But you can bet Scaramanga’s third nipple that the Bond villain is probably the best role any actor can land in terms of having fun on a Bond film. In fact, Bond films are probably the only place where the villain can be free to be as outlandish and scene gluttonous without fear of totally overshadowing the blunt instrument that is 007. I don’t think Roger Moore or Sean Connery felt like Michael Keaton did going up against Jack Nicholson’s grand larceny of scenes in Batman. Bond is never the comic relief, he’s the straight man anchoring the film while the villain is free to take a jet pack ride through the stratosphere of over the top performances in a Bond film. Skyfall’s Silva seems to borrow most of his crazy…and hair care tips from A View To a Kill’s Walken, while carving out his damaged psyche and motivation from the same cloth as Goldeneye’s Alec Trevelyan, and finally a referral from Jaws’ orthodontist. While Blofeld is probably Bond’s biggest nemesis, his kind of villain is probably never going to make an appearance in the 21st century world of Bond and QUANTUM.

With the Craig era of Bond villains, we get a more subdued and not quite so flamboyant performance and back story… That is until we reach Javier Bardem in Skyfall. Le Chiffre is hardly bombastic, with his plans. He hires a bomb maker to blow up the maiden flight of an airline in order to tank the stock… helping to fund terrorism. He intends to make up his losses to his war mongering clients by winning it all on cards. He’s sort of a down on his luck villain that cries blood. In Quantum of Solace, we have a somewhat green terrorist… get it, green? Well, at least he pretends to be trying to save the planet, but it’s all about money in the end. Dominic Greene isn’t even that much of a physical threat… sure, with a gun, he’s dangerous because he’s nuts, but he doesn’t even appear all that smart… just opportunistic. His death doesn’t even come at the hands of Bond, but played as a footnote, related to Bond by M. He was found with two slugs in the back of his head and a stomach full of motor oil. Now, why they bothered to do an autopsy with the apparent cause of death as lead poisoning and cranial ventilation, I don’t know.

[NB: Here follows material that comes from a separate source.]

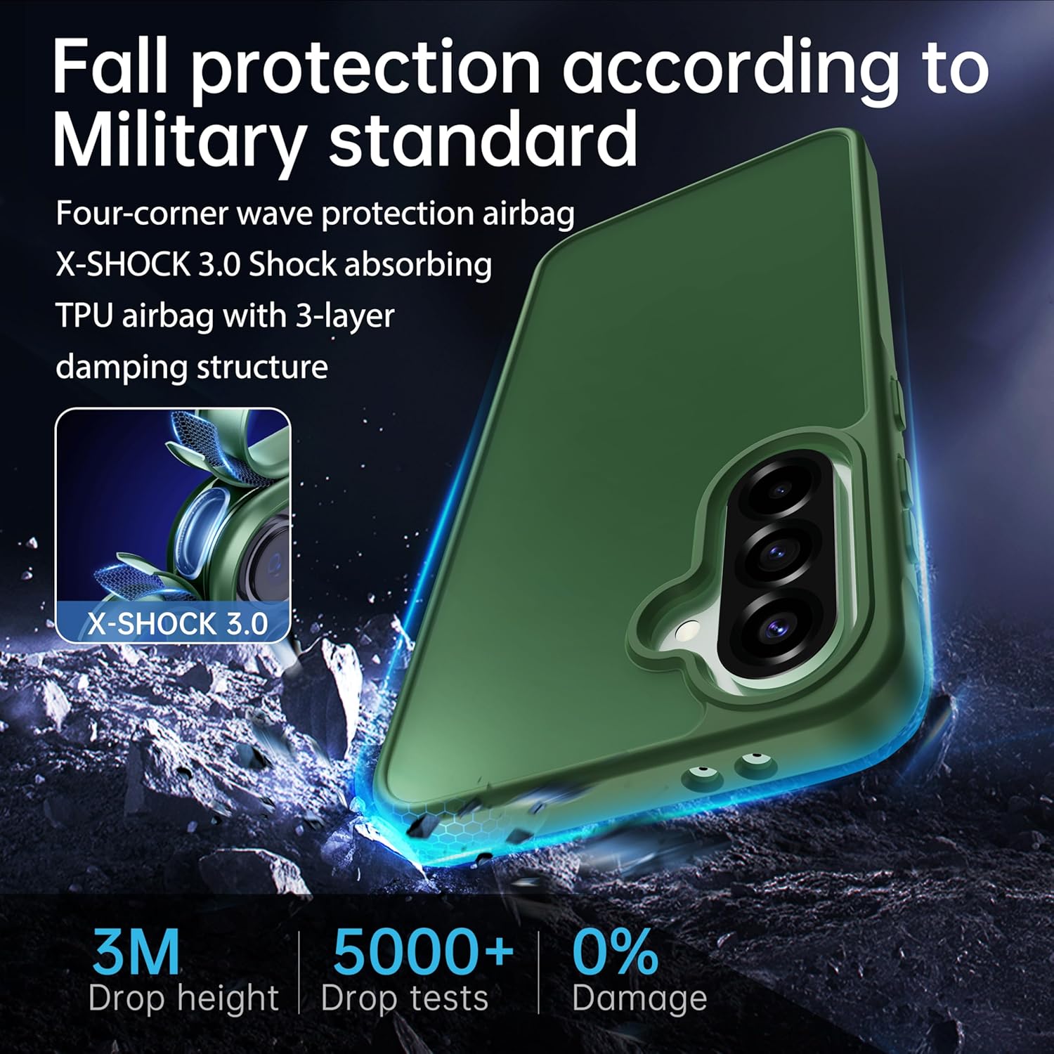 • [Военна защита] Калъфът за мобилен телефон за Samsung Galaxy A16 5G използва професионална технология за абсорбиране на удари X-SHOCK 3.0, 4-слойна TPU броня за създаване на ефективна технология за устойчивост на удар. След сертифициране и практически тестове, той може да издържи на падане от височина до 3 м. Защитно фолио с твърдост 9H предпазва екрана от различни надрасквания. Цялостна и ефикасна военна защита за вашия мобилен телефон.

When we get to Skyfall, the rules change, somewhat. As I said, Silva could be most closely compared to Alec Trevelyan in his back story; a field agent who ended up being a little more of a hacker than he should have been, traded for other agents, betrayed by M and MI6. He finds his place in the Pantheon of Bond Villains with the three basic traits: physical deformity – collapsed face and damaged vocal cords from a faulty cyanide pill, brilliant – cyber terrorist extraordinaire who outwits Ben Winshaw’s young and geeky Q, crazy as balls – bent on revenge against M and MI6. But where other Bond villains rely on sophisticated torture devices and henchmen to soften up Bond, Silva used a very simply tactic; sexual harassment. That scene was ridiculously uncomfortable yet ten times better than Le Chiffre “scratching” of Bond’s balls.

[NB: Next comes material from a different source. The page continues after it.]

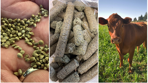 Do ponto de vista da segurança alimentar, a torta de cânhamo com baixo teor de canabinoides pode ser uma fonte adequada de proteína bruta e fibra na alimentação do gado, oferecendo aos produtores industriais de cânhamo um mercado potencial para este subproduto da extração do óleo de cânhamo.”

Ultimately, Silva suffers the same problem as most villains. He is too hell bent on his plan. He continues even when all is lost. While chaps like Blofeld try to escape in their subs, like in Diamonds Are Forever, Silva hunts M down like a dog, asking to end it all. Well, he got his wish… and I’ll say nothing more.

Coming up next… Bond Girl Interrupted.

Tuesday, December 11, 2012

Being Bond: Part One of the Skyfall Review

The character is so one dimensional that he could be nearly faceless. As it’s been said, he is just the guy pulling a trigger, a blunt instrument.  Ian Fleming himself sought to create a totally uninteresting character, devoid of personality where things just happened to him.  He even gave him, what he thought was a boring name, originating from an ornithologist. Yet, for all his base, the character has evolved with every film, in five decades.  He has never been boring or faceless on screen.  Here now, a look at the ongoing evolution of Bond, James Bond.  Be careful.  Spoilers ahead.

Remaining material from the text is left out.